An English-language catalog for the exhibit will soon be available. Information can be found on the Georg Jensen Society Web site, www.gjsilver.org.

‘A shared universe.’ Back in central Copenhagen, a distinctly different exhibit was on view at the Statens Museum for Kunst. Created in honor of the centenary by Oscar-winning Danish director Bille August, “Georg Jensen 100 Years: Silver Design and Danish Art” (which closed on August 15) brought together Jensen silver and Danish paintings of the past 100 years in an impressive display of Nordic creativity.

“To me, the unique and remarkable thing about Georg Jensen silver is its timeless quality, a trait it shares with all other excellent pieces of craftsmanship,” says August in his catalog introduction. “The paintings selected from the museum collections also possess this timeless quality. I wanted the two art forms to meet in a shared universe where the eternal and universal reign. Quite simply, the exhibition is intended to be a journey of light, forms, shapes, and sensuousness.”

August believes that Scandinavian culture, because of its northern location, is deeply and unavoidably influenced by the cycle of the seasons, so he used the four seasons—with the addition of a fifth, “Thaw”—as the common thread of the exhibit. Each room was designed with as much precision and thought as a scene from a movie—as one would expect from an award-winning director.

The exhibit was a labyrinth of small rooms, with light and color contributing to the sense of each season. It began in “Summer,” with light, bright walls and lighting and organic, natural themes in jewelry and painting—but moving deeper into the maze and further into “Autumn” and “Winter,” the atmosphere became darker, the silver and artwork more abstract.

The seasonal summer/floral, winter/abstract, spring/playful themes worked well with the silver pieces, as they mirrored the progression of Jensen company design. The early, nature-inspired skønvirke designs by Jensen himself gradually morphed into the later pieces designed by company workmasters—such as Henning Koppel’s Covered Fish Platter of 1954—in which any Art Nouveau embellishments were stripped away to reveal the simple, clean curves underneath.

The dark “Winter” gallery was particularly powerful.
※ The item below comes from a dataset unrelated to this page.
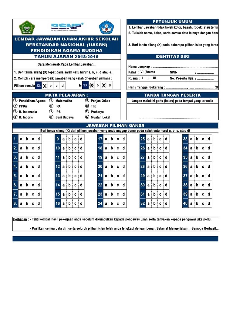Download lembar jawaban ujian, contoh lembar jawaban k13 sd, contoh lembar. Lembar jawaban ujian semester sd mi. Download lembar jawaban ujian pilihan ganda, contoh lembar . D i n as pe n d i d i k an ulangan kenaikkan kelas (ukk) tahun pelajaran 2012/2013. Untuk mempermudah mengoreksi jawaban pada lembar jawab biasanya digunakan dua cara:.

Midnight blue walls and tiny beams of light scattered across the floor suggested an arctic winter atmosphere, with sculptural silver bowls and platters—their fluid lines frozen into shape—grouped in the center of the room and lit from above. On the far wall, a ring and watch display was set into the wall amid another constellation of tiny lights. The pieces, mostly contemporary diamond designs, were lit to emphasize their own beams of light.

In “Thaw,” the viewer emerged from the darkness of winter into bright, diffused light and natural tones of beige. A long corridor, lined with a series of tea/coffee sets on stippled columns, showcased designs that became less abstract and more organic, leading to the arrival of “Spring,” with warm yellow tones and an emphasis on playful, lighthearted design. Here Henning Koppel’s 1948 “Pregnant Duck” pitcher shared the room with Allan Scharff’s “Ibis” pitcher from 1991, while the lavender-colored exit wall was covered with hundreds of “Daisy” brooches. The small and large silver or white enamel brooches—from an original 1940 design by A. Michelsen in celebration of the birth of the current Danish Queen Margrethe II—were arranged haphazardly into a vine-like form that progressed along the wall toward the exit.

In May, the exhibit was burglarized and a number of Jensen pieces were stolen. “They [the intruders] got through eight locked doors, so they were professionals,” said Maria Jankuhn, a Jensen company representative. “But when they got in, all they took were items that are still in production—nothing that we couldn’t immediately call up and replace, thankfully.”

While the company was able to replace the items, none of the stolen pieces have been recovered. “Unfortunately,” said Jankuhn, “in an effort to conserve energy, the museum had put the lights down very low, so only shadowy figures showed up on the security cameras. It could have been anyone in there for all you could tell—it could have been Santa Claus or even the Queen herself!”